Record set below:

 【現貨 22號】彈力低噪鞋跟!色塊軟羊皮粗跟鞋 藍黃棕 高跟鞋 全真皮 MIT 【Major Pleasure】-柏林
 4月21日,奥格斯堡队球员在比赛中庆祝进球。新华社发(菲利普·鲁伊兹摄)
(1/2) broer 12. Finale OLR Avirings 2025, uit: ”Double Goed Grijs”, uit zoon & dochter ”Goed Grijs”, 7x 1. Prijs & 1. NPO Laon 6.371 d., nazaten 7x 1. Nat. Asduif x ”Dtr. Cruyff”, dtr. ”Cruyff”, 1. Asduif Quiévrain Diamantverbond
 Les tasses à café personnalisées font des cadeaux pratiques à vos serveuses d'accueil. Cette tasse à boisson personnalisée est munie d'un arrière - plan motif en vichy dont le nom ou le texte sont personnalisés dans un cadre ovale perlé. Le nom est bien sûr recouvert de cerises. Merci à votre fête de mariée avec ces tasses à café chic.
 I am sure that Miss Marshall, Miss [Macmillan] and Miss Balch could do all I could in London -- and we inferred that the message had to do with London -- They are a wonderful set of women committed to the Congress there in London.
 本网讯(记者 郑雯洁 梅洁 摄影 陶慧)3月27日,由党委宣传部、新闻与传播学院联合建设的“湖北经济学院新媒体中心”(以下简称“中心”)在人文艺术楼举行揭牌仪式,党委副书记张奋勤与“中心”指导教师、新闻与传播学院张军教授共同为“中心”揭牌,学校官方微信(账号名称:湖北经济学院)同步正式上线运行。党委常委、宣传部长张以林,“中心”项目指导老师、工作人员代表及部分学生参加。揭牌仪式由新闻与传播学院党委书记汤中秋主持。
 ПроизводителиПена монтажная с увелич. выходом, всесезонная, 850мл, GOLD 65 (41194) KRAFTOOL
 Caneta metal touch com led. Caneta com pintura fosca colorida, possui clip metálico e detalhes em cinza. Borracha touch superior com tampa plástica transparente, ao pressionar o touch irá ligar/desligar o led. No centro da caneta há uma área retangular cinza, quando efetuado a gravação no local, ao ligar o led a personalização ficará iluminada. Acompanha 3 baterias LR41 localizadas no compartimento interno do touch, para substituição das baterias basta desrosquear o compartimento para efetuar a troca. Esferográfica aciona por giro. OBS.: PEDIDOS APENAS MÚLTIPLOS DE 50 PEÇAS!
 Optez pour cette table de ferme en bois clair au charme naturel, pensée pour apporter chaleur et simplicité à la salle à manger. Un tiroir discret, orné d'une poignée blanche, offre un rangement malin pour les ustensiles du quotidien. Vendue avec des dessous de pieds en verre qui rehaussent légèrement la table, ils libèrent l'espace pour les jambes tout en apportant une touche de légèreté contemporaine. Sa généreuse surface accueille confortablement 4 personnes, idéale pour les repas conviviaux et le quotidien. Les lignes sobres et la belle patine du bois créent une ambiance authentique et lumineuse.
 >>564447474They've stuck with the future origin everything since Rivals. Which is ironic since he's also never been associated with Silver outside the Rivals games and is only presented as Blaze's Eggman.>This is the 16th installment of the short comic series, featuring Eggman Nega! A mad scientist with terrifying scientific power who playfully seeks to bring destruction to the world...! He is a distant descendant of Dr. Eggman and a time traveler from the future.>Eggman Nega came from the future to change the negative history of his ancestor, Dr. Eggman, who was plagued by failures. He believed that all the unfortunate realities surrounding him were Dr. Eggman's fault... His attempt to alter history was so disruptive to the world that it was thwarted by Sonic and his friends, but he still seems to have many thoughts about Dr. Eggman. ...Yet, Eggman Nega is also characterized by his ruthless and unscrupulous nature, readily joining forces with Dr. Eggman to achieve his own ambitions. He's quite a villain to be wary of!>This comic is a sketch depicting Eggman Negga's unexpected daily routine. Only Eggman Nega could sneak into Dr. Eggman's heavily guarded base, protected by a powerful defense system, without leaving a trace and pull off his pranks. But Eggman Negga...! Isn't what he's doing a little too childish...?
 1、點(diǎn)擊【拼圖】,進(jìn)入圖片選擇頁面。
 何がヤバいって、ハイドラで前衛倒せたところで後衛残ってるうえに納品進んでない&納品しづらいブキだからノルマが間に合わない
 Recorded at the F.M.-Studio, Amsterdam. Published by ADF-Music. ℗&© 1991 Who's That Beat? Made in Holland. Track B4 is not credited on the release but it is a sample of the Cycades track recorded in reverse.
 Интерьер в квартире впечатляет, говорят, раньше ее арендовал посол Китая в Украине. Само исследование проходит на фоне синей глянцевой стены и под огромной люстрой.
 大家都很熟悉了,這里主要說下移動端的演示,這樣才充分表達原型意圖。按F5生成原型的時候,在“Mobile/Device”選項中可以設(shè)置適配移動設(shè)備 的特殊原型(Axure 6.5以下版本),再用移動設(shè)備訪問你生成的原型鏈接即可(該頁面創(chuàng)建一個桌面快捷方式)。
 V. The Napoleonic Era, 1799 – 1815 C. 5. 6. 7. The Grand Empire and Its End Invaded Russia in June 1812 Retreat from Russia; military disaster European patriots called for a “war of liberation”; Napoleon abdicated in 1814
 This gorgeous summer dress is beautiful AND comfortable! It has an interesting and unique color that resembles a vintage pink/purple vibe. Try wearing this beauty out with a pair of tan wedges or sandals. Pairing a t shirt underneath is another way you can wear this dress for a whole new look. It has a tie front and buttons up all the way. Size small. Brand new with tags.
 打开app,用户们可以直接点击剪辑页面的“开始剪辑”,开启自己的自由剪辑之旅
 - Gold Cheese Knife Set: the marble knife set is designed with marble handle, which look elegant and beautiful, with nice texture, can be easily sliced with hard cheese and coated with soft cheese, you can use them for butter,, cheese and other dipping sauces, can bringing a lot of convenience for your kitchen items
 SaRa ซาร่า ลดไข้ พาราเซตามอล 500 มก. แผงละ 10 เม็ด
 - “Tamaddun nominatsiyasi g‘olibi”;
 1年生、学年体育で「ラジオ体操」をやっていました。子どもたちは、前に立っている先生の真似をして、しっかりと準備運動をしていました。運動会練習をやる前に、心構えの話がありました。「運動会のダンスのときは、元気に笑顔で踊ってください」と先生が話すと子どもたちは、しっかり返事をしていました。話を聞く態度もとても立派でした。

End of Record set.

What to produce:
Output all of the data exactly.

Your solution:
 【現貨 22號】彈力低噪鞋跟!色塊軟羊皮粗跟鞋 藍黃棕 高跟鞋 全真皮 MIT 【Major Pleasure】-柏林
 4月21日,奥格斯堡队球员在比赛中庆祝进球。新华社发(菲利普·鲁伊兹摄)
(1/2) broer 12. Finale OLR Avirings 2025, uit: ”Double Goed Grijs”, uit zoon & dochter ”Goed Grijs”, 7x 1. Prijs & 1. NPO Laon 6.371 d., nazaten 7x 1. Nat. Asduif x ”Dtr. Cruyff”, dtr. ”Cruyff”, 1. Asduif Quiévrain Diamantverbond
 Les tasses à café personnalisées font des cadeaux pratiques à vos serveuses d'accueil. Cette tasse à boisson personnalisée est munie d'un arrière - plan motif en vichy dont le nom ou le texte sont personnalisés dans un cadre ovale perlé. Le nom est bien sûr recouvert de cerises. Merci à votre fête de mariée avec ces tasses à café chic.
 I am sure that Miss Marshall, Miss [Macmillan] and Miss Balch could do all I could in London -- and we inferred that the message had to do with London -- They are a wonderful set of women committed to the Congress there in London.
 本网讯(记者 郑雯洁 梅洁 摄影 陶慧)3月27日,由党委宣传部、新闻与传播学院联合建设的“湖北经济学院新媒体中心”(以下简称“中心”)在人文艺术楼举行揭牌仪式,党委副书记张奋勤与“中心”指导教师、新闻与传播学院张军教授共同为“中心”揭牌,学校官方微信(账号名称:湖北经济学院)同步正式上线运行。党委常委、宣传部长张以林,“中心”项目指导老师、工作人员代表及部分学生参加。揭牌仪式由新闻与传播学院党委书记汤中秋主持。
 ПроизводителиПена монтажная с увелич. выходом, всесезонная, 850мл, GOLD 65 (41194) KRAFTOOL
 Caneta metal touch com led. Caneta com pintura fosca colorida, possui clip metálico e detalhes em cinza. Borracha touch superior com tampa plástica transparente, ao pressionar o touch irá ligar/desligar o led. No centro da caneta há uma área retangular cinza, quando efetuado a gravação no local, ao ligar o led a personalização ficará iluminada. Acompanha 3 baterias LR41 localizadas no compartimento interno do touch, para substituição das baterias basta desrosquear o compartimento para efetuar a troca. Esferográfica aciona por giro. OBS.: PEDIDOS APENAS MÚLTIPLOS DE 50 PEÇAS!
 Optez pour cette table de ferme en bois clair au charme naturel, pensée pour apporter chaleur et simplicité à la salle à manger. Un tiroir discret, orné d'une poignée blanche, offre un rangement malin pour les ustensiles du quotidien. Vendue avec des dessous de pieds en verre qui rehaussent légèrement la table, ils libèrent l'espace pour les jambes tout en apportant une touche de légèreté contemporaine. Sa généreuse surface accueille confortablement 4 personnes, idéale pour les repas conviviaux et le quotidien. Les lignes sobres et la belle patine du bois créent une ambiance authentique et lumineuse.
 >>564447474They've stuck with the future origin everything since Rivals. Which is ironic since he's also never been associated with Silver outside the Rivals games and is only presented as Blaze's Eggman.>This is the 16th installment of the short comic series, featuring Eggman Nega! A mad scientist with terrifying scientific power who playfully seeks to bring destruction to the world...! He is a distant descendant of Dr. Eggman and a time traveler from the future.>Eggman Nega came from the future to change the negative history of his ancestor, Dr. Eggman, who was plagued by failures. He believed that all the unfortunate realities surrounding him were Dr. Eggman's fault... His attempt to alter history was so disruptive to the world that it was thwarted by Sonic and his friends, but he still seems to have many thoughts about Dr. Eggman. ...Yet, Eggman Nega is also characterized by his ruthless and unscrupulous nature, readily joining forces with Dr. Eggman to achieve his own ambitions. He's quite a villain to be wary of!>This comic is a sketch depicting Eggman Negga's unexpected daily routine. Only Eggman Nega could sneak into Dr. Eggman's heavily guarded base, protected by a powerful defense system, without leaving a trace and pull off his pranks. But Eggman Negga...! Isn't what he's doing a little too childish...?
 1、點(diǎn)擊【拼圖】,進(jìn)入圖片選擇頁面。
 何がヤバいって、ハイドラで前衛倒せたところで後衛残ってるうえに納品進んでない&納品しづらいブキだからノルマが間に合わない
 Recorded at the F.M.-Studio, Amsterdam. Published by ADF-Music. ℗&© 1991 Who's That Beat? Made in Holland. Track B4 is not credited on the release but it is a sample of the Cycades track recorded in reverse.
 Интерьер в квартире впечатляет, говорят, раньше ее арендовал посол Китая в Украине. Само исследование проходит на фоне синей глянцевой стены и под огромной люстрой.
 大家都很熟悉了,這里主要說下移動端的演示,這樣才充分表達原型意圖。按F5生成原型的時候,在“Mobile/Device”選項中可以設(shè)置適配移動設(shè)備 的特殊原型(Axure 6.5以下版本),再用移動設(shè)備訪問你生成的原型鏈接即可(該頁面創(chuàng)建一個桌面快捷方式)。
 V. The Napoleonic Era, 1799 – 1815 C. 5. 6. 7. The Grand Empire and Its End Invaded Russia in June 1812 Retreat from Russia; military disaster European patriots called for a “war of liberation”; Napoleon abdicated in 1814
 This gorgeous summer dress is beautiful AND comfortable! It has an interesting and unique color that resembles a vintage pink/purple vibe. Try wearing this beauty out with a pair of tan wedges or sandals. Pairing a t shirt underneath is another way you can wear this dress for a whole new look. It has a tie front and buttons up all the way. Size small. Brand new with tags.
 打开app,用户们可以直接点击剪辑页面的“开始剪辑”,开启自己的自由剪辑之旅
 - Gold Cheese Knife Set: the marble knife set is designed with marble handle, which look elegant and beautiful, with nice texture, can be easily sliced with hard cheese and coated with soft cheese, you can use them for butter,, cheese and other dipping sauces, can bringing a lot of convenience for your kitchen items
 SaRa ซาร่า ลดไข้ พาราเซตามอล 500 มก. แผงละ 10 เม็ด
 - “Tamaddun nominatsiyasi g‘olibi”;
 1年生、学年体育で「ラジオ体操」をやっていました。子どもたちは、前に立っている先生の真似をして、しっかりと準備運動をしていました。運動会練習をやる前に、心構えの話がありました。「運動会のダンスのときは、元気に笑顔で踊ってください」と先生が話すと子どもたちは、しっかり返事をしていました。話を聞く態度もとても立派でした。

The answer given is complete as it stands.